Cragside Wetlands at Blackburn Lake
2 February is World Wetlands Day and Cragside Ranger, Dan Iceton, tell is more about this vital habitat which supports complex food webs and a vast range of species.
These habitats are very important for many insect species which rely on the water and different types of vegetation for part of their life cycle. In turn these insects form the basis of many different food chains providing good habitat for a range of different amphibian, fish, bird and mammal species.
Wetlands also play an important role in flood prevention by temporarily storing excess water that has run off the land after storm events. Water is then released at a slower rate and so reducing the potential for floods further downstream. Through this act of temporary water storage particulates that are found in water have a chance to settle to the bottom before leaving wetlands. This provides a natural filtration process preventing an excess of sediment flowing downstream with increased water levels.
As plants die and rot away they release carbon. However, in wetlands this matter falls into water or wet boggy anaerobic conditions. This helps prevent the release of carbon dioxide and instead this excess carbon is locked up in the soils. Because of these systems wetlands have been found to be a fantastic carbon store, locking carbon up and preventing it from entering the atmosphere.

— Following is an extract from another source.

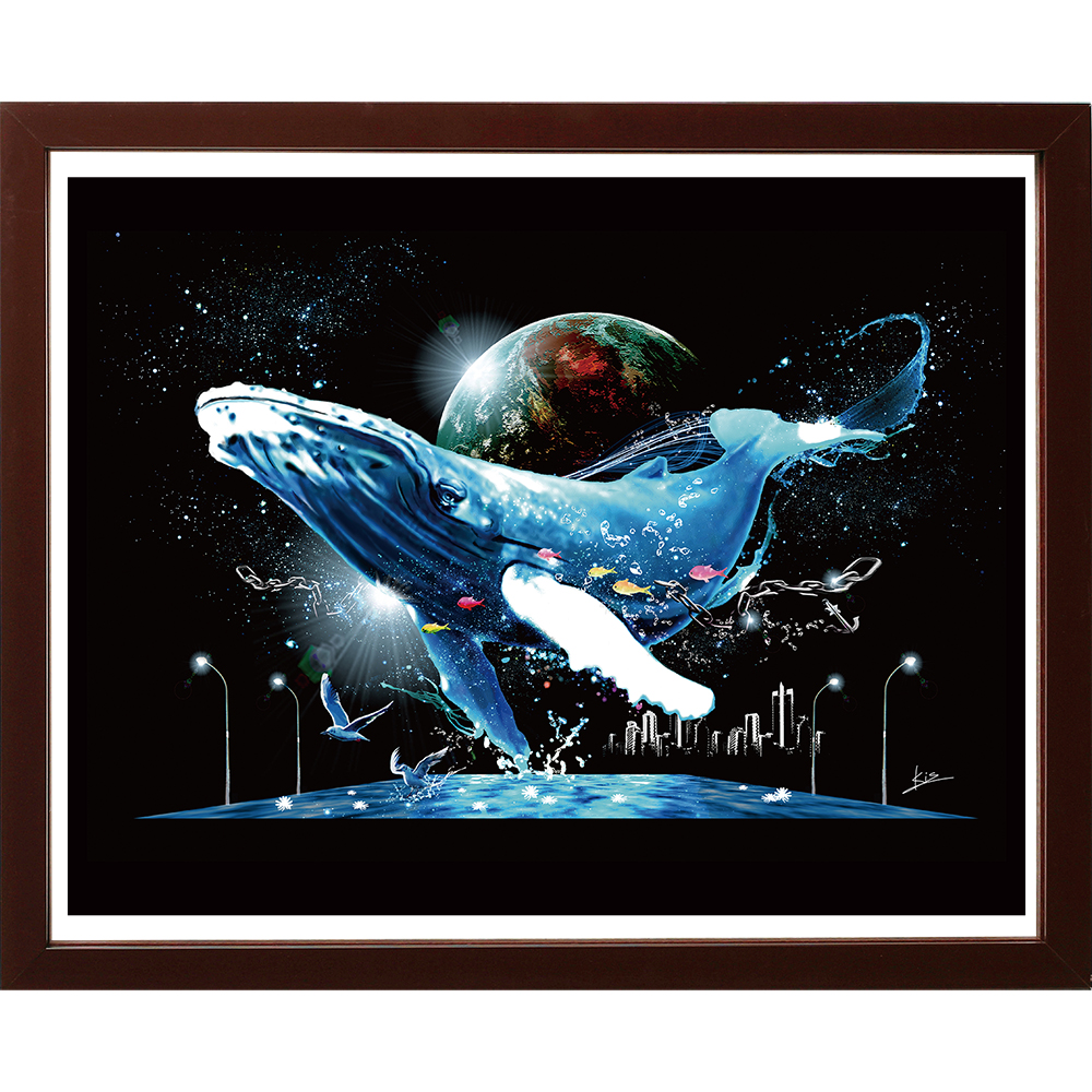 イラストレーターKisの深海と宇宙をテーマに広い世界で優雅に舞う鯨を描いた作品です。
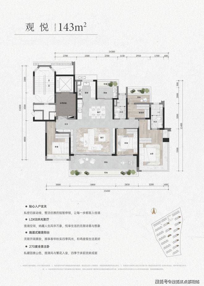 建面约143㎡的户型是实实在在的王牌,已经没有任何将就之感,做到了远超竞品的越级享受。

Blackburn Lake was once the largest waterbody at Cragside but the dam burst during a flood in the 1920s and water levels have remained much lower ever since. The lake has now developed into a significant wetland feature with areas of open water, reed beds and swamp communities of vegetation. This habitat is surrounded by wet woodland as the outer fringes have dried up further and trees such as birch and willow have begun to grow with great areas of sphagnum moss covering the ground.
This wetlands and wet woodland habitat within Blackburn lake is a great place to spot wildlife, even during the winter months. Our ranger team have spotted many different bird species including crossbills, long tailed tits, bull finches and a green woodpecker at Blackburn. Throughout the year Roe deer, buzzards, frogs, toads and a myriad of different dragonflies and damselflies can be seen using this fantastic habitat.